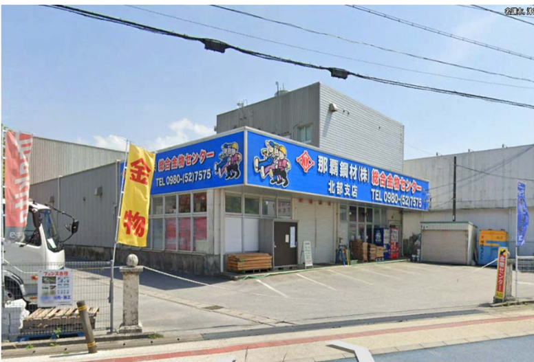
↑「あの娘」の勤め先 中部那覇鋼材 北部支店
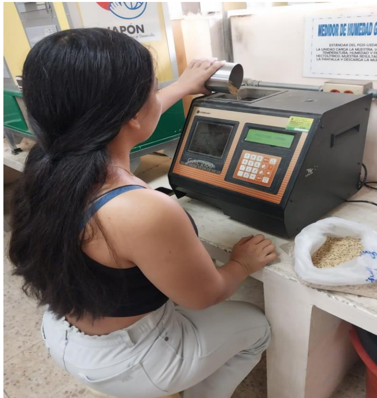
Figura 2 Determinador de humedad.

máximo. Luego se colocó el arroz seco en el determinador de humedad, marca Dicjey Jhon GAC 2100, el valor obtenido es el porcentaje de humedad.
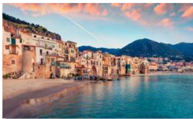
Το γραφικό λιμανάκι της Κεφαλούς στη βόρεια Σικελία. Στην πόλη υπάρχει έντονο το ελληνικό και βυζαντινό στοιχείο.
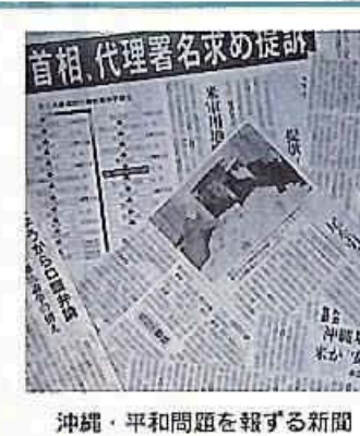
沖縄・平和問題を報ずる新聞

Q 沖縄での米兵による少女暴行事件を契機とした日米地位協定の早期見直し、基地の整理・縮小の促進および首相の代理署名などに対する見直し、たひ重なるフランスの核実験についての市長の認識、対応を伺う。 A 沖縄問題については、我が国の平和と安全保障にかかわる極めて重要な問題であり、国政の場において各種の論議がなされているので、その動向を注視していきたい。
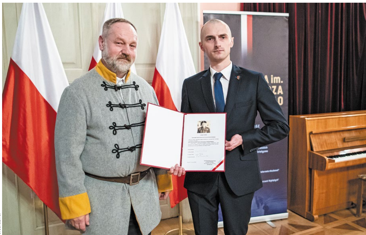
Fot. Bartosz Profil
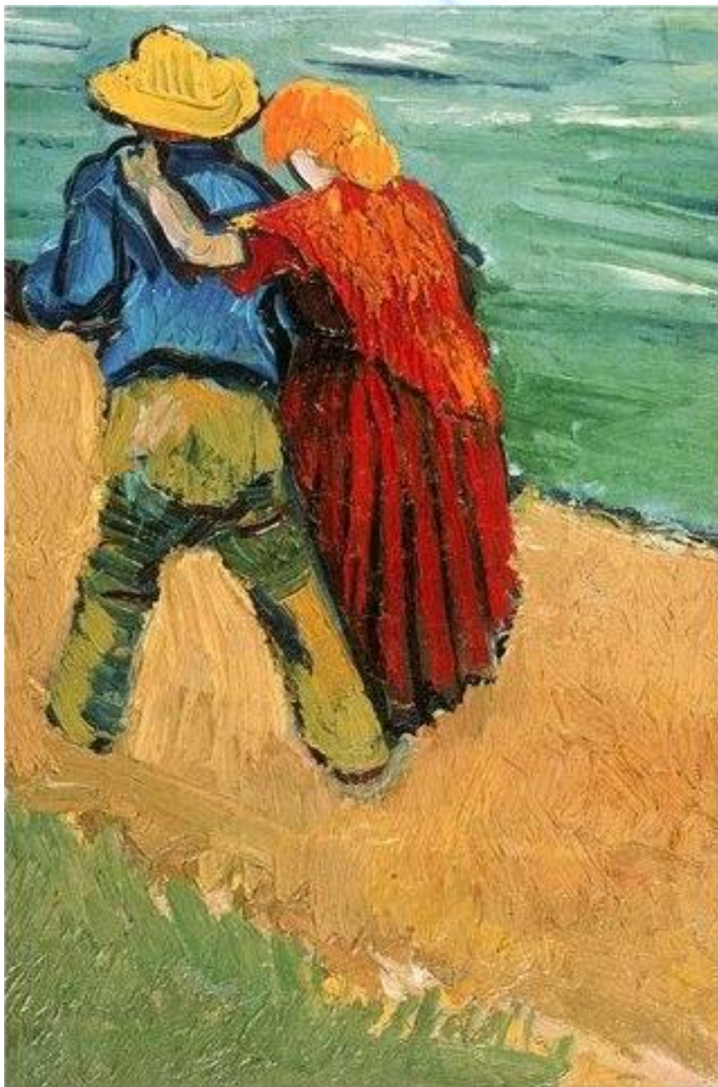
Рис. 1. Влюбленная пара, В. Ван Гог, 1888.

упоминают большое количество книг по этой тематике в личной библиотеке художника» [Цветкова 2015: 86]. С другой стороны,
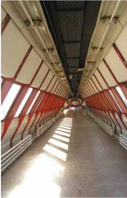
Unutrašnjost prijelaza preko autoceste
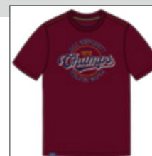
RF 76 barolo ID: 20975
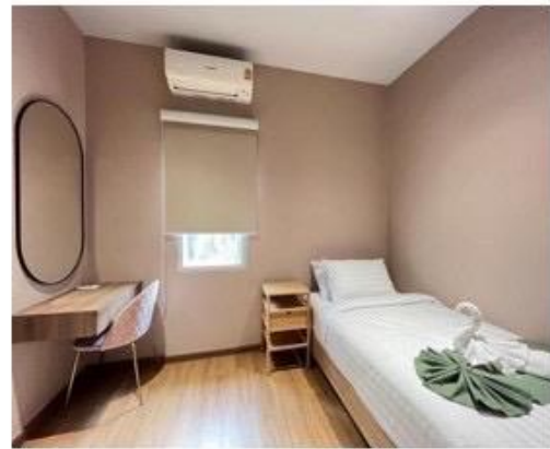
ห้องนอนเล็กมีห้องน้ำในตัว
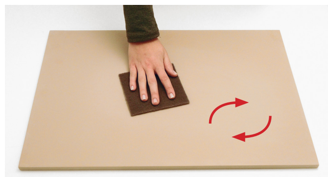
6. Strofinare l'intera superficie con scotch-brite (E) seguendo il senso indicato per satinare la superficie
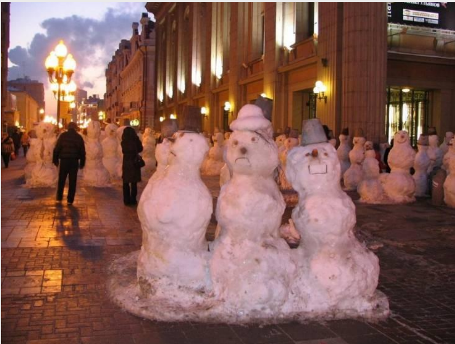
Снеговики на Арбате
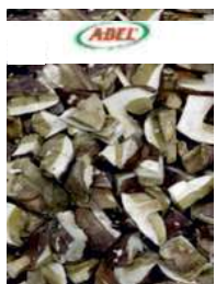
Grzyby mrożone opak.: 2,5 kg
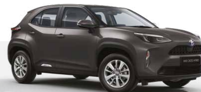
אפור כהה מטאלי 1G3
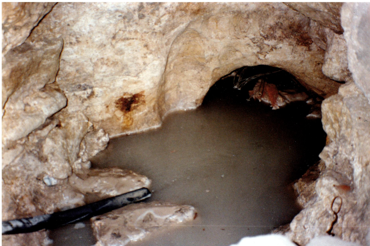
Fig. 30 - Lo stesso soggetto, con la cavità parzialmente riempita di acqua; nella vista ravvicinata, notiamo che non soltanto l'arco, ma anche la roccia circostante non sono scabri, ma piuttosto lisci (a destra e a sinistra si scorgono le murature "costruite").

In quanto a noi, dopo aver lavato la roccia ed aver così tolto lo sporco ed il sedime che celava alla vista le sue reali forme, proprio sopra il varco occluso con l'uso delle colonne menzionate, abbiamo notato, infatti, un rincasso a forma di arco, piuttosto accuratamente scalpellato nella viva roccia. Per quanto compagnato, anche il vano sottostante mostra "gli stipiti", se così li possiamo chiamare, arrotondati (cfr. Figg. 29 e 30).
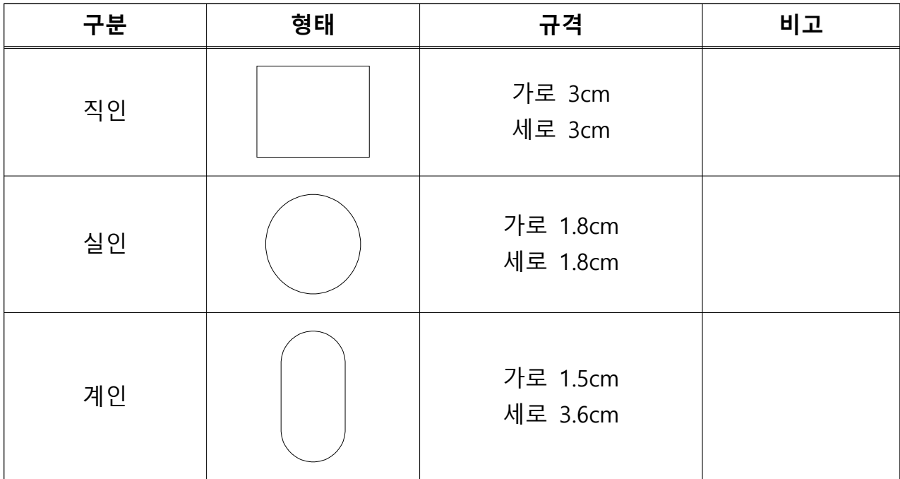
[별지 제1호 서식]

◆ ◆ ◆ ◆ ◆

**What to work on**. Return exactly the lines from the one with "Снеговики на Арбате" through the last line of the entries above, both ends included. No pictures may appear in the copy.

**Solution to this problem**.
Снеговики на Арбате
Grzyby mrożone opak.: 2,5 kg
אפור כהה מטאלי 1G3
Fig. 30 - Lo stesso soggetto, con la cavità parzialmente riempita di acqua; nella vista ravvicinata, notiamo che non soltanto l'arco, ma anche la roccia circostante non sono scabri, ma piuttosto lisci (a destra e a sinistra si scorgono le murature "costruite").

In quanto a noi, dopo aver lavato la roccia ed aver così tolto lo sporco ed il sedime che celava alla vista le sue reali forme, proprio sopra il varco occluso con l'uso delle colonne menzionate, abbiamo notato, infatti, un rincasso a forma di arco, piuttosto accuratamente scalpellato nella viva roccia. Per quanto compagnato, anche il vano sottostante mostra "gli stipiti", se così li possiamo chiamare, arrotondati (cfr. Figg. 29 e 30).
[별지 제1호 서식]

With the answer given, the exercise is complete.